On Friday, the S&P 500 Index finally showed sign of rationality and took a 3.6% dive. The main reason behind this is the increase in the 10-year treasury bond which causes high yield stocks to become less attractive comparing to bonds. Naturally, this caused some fluctuations in the market and most securities dropped about 3-5%. On Monday, the same action accord and we could observe a huge selloff in almost every company and no sector was forgotten.
Investors should know that this small correction is totally normal, since bonds now yield more and can compete with stocks as an asset. However, while the VIX index shows sign of fear, souring more than 114% during the last days, the economy is doing well. Companies are making money and increased interest rates are normally a sign of high confidence is the economy. In total, this correction is nothing more than wanted and healthy for the S&P 500 Index.
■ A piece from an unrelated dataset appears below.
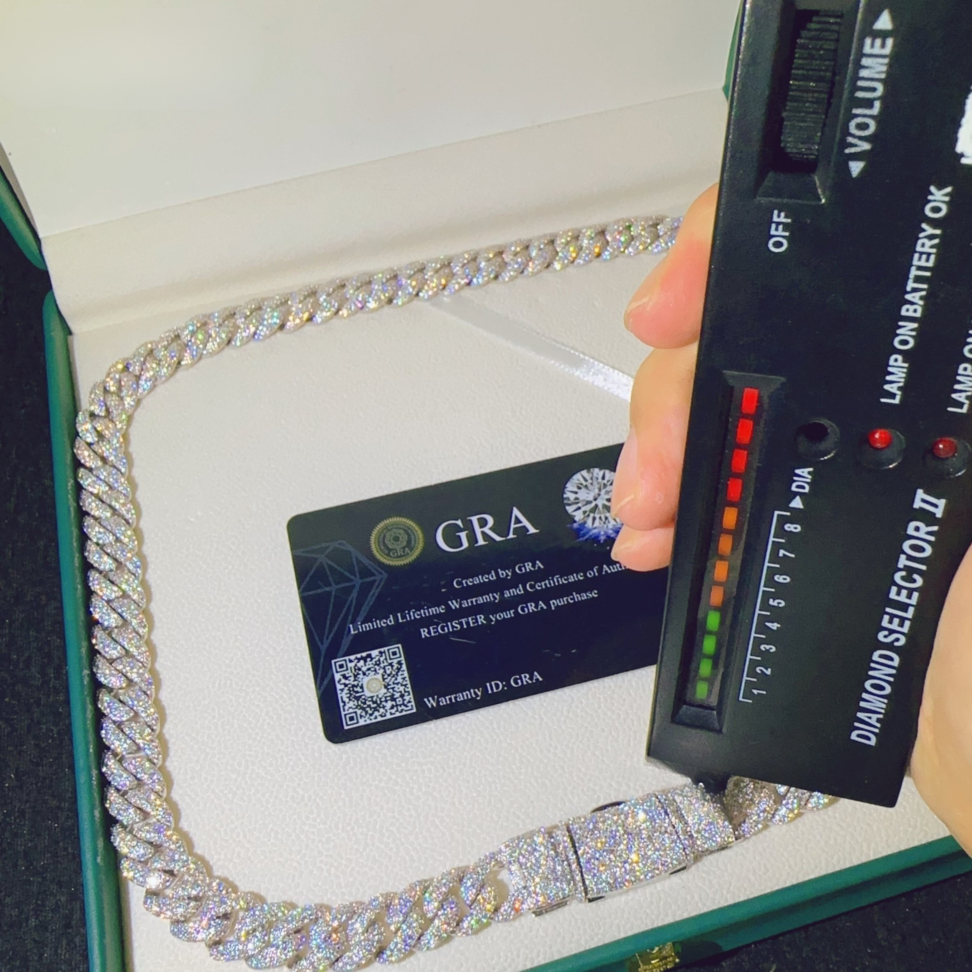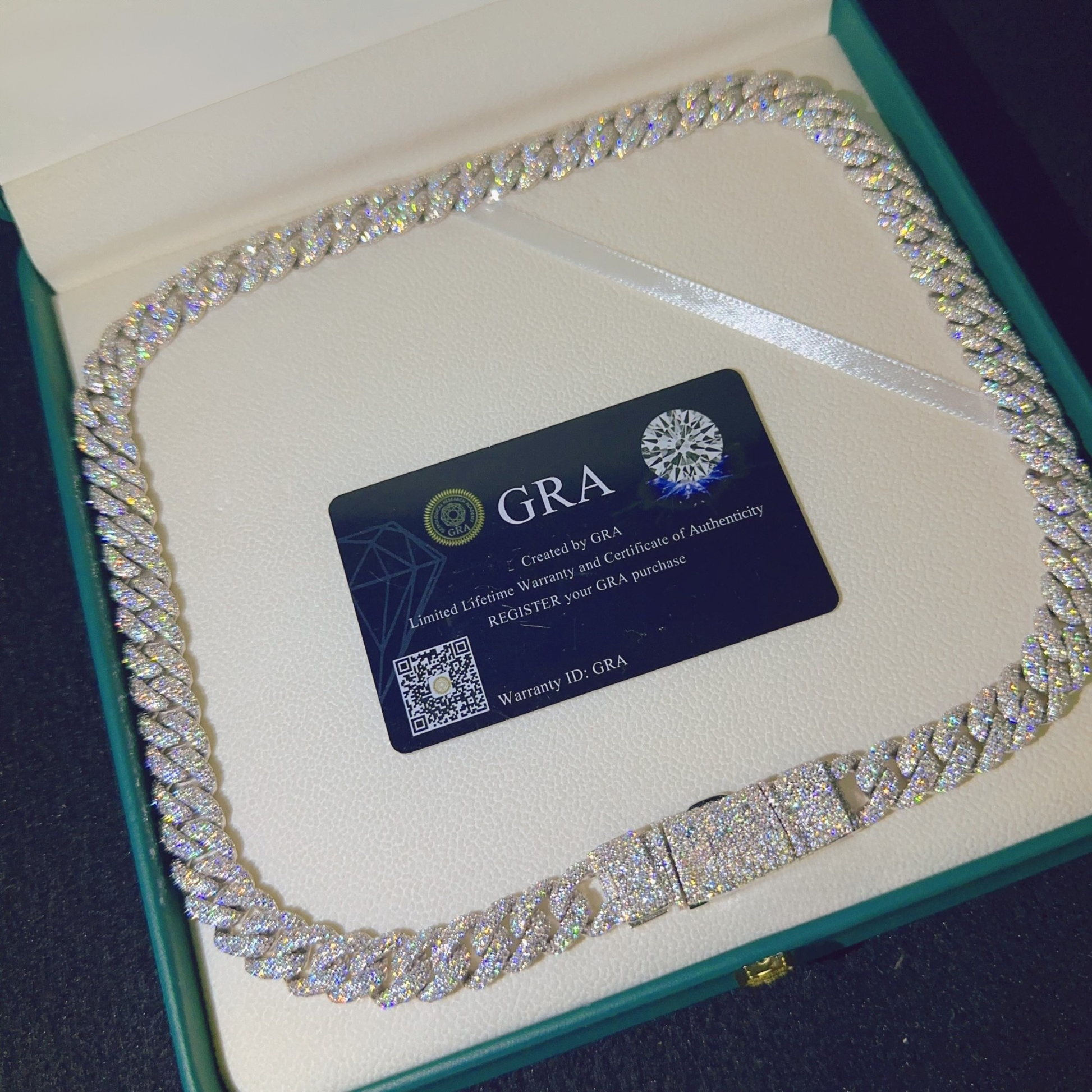 Premium 12MM Cuban Chain with VVS Diamonds & Sterling Silver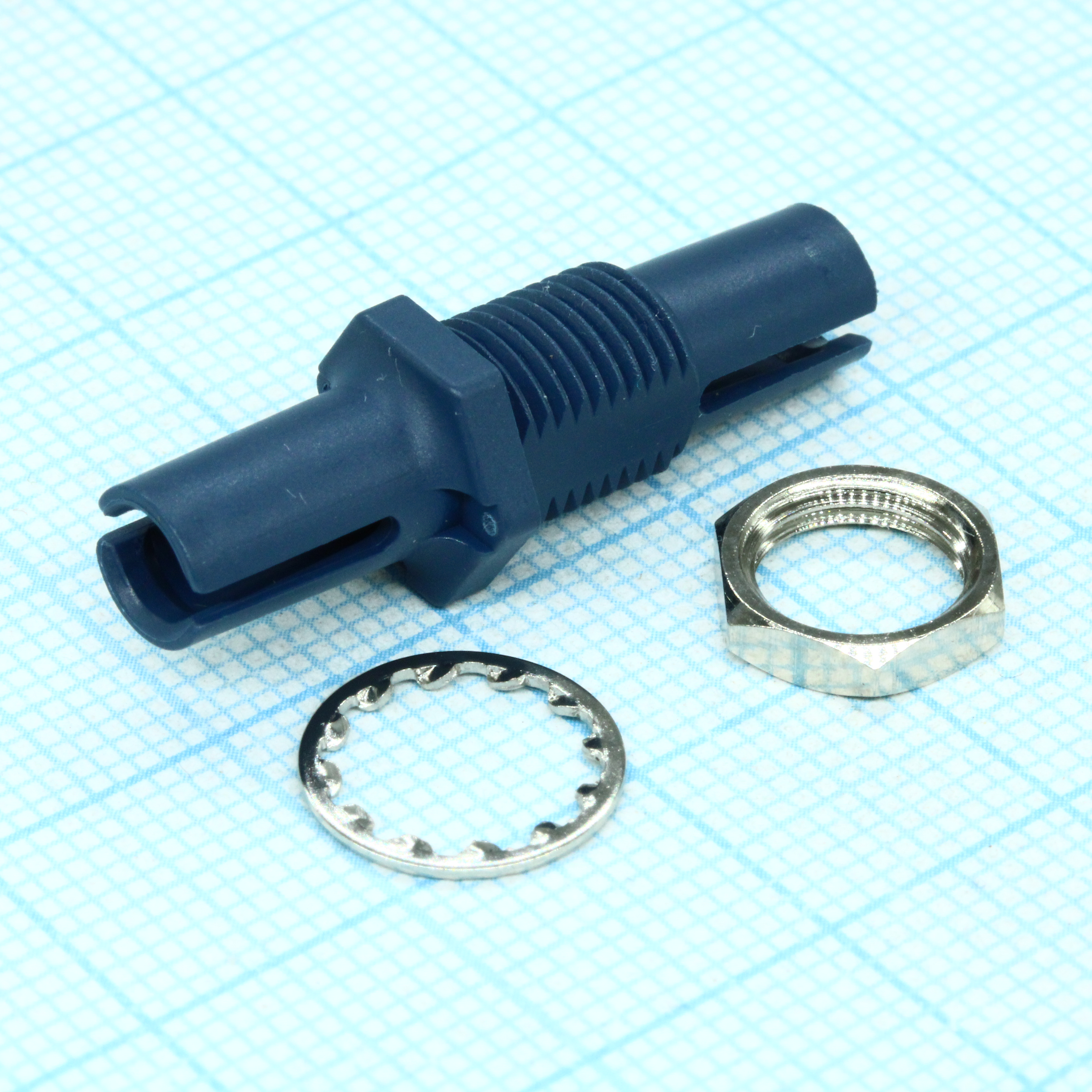HFBR-4515Z - Адаптер VL с гайкой синий (Bulkhead Adapter). Соединяет 2 симплексных соединителя сквозным образом. Этот адаптер может служить для сращивания кабеля в линии с помощью двух симплексных соединителей.

As with any correction, almost every security take a somewhat dive of random size. Observant investors should look for high quality companies trading at a fair price. Right now, a few companies look attractively priced at the moment. Berkshire Hathaway (NYSE:BRK.B) dropped from $216 and closed at $204 on Monday. Warren Buffett has said that he will most definitely buy the stock if the price to book (P/B) ratio reaches 1.2. As we speak, the P/B ratio is 1.59. During the past 13 years, the highest P/B ratio was 1.90 and the lowest being 0.79. The median is 1.36 so investors might wait a bit before digging in. But, this company is a timeless holding and with Warren Buffet, the greatest investors of all time as the captain, few things could wrong with this conglomerate.
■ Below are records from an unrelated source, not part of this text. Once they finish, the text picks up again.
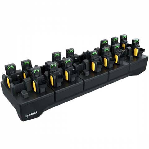 Twenty slot charge only cradle charges up to 20 Zebra RS5100 Ring scanners simultaneously.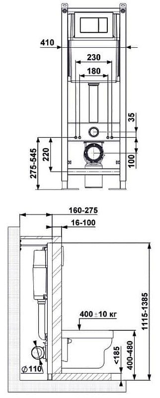 Инсталляция со смывным бачком Atom Line 410 и клавишей смыва.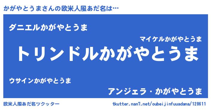 | 男性向けラノベタイトル風あだ名 | 『転生したらかがやとうまだった件』 |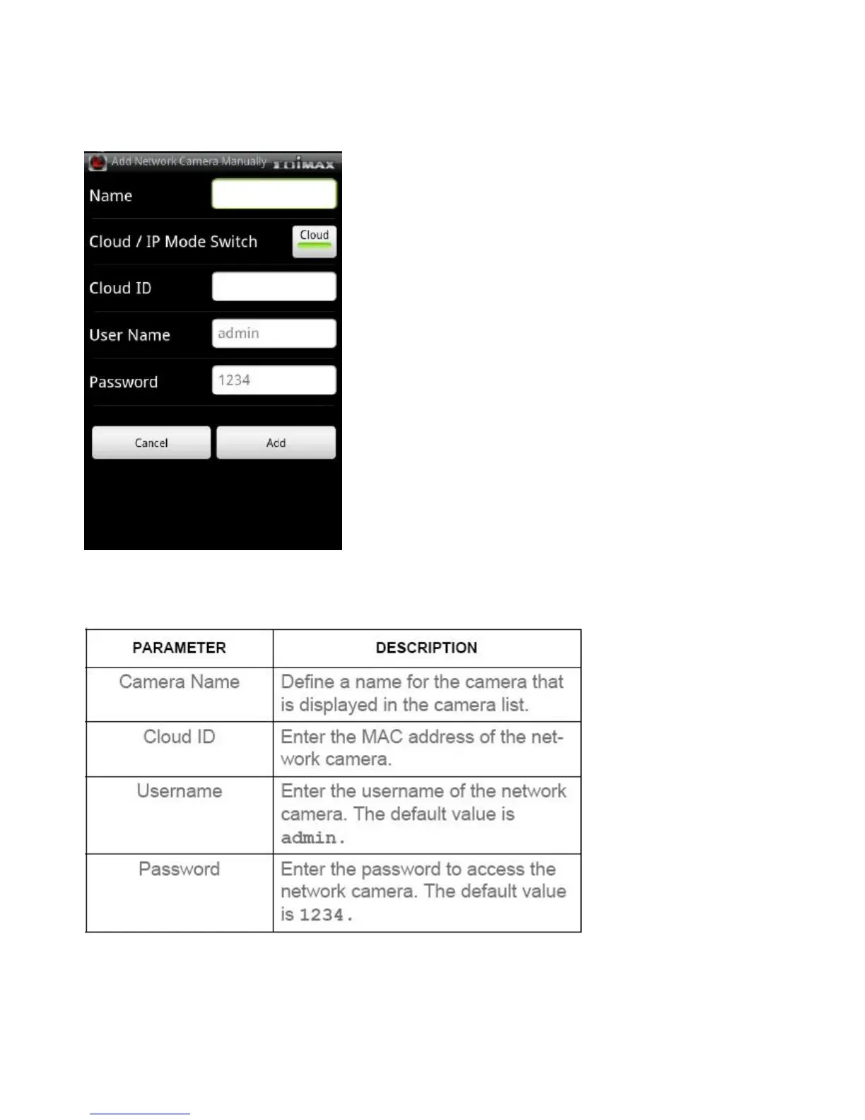 Tap Add to add the camera to the list. Tap Cancel to discard the changes.

Another company which investors should notice is the famous REIT Realty Income Group (NYSE:O), also called “The Monthly Company”. Realty Income Group is famous for rewarding its shareholders with a sound dividend yield as well as increased fundamental return. Since listing in 1994, the compounded annual total return has been 16.3%. As if that wasn’t enough, the company has had 570 consecutive monthly dividend payments. Right now, the stock trades at the historical 10-year average, meaning that this might be a reasonable time to look closer into this dividend machine.
The author owns stocks in Realty Income Group as a long-term holding.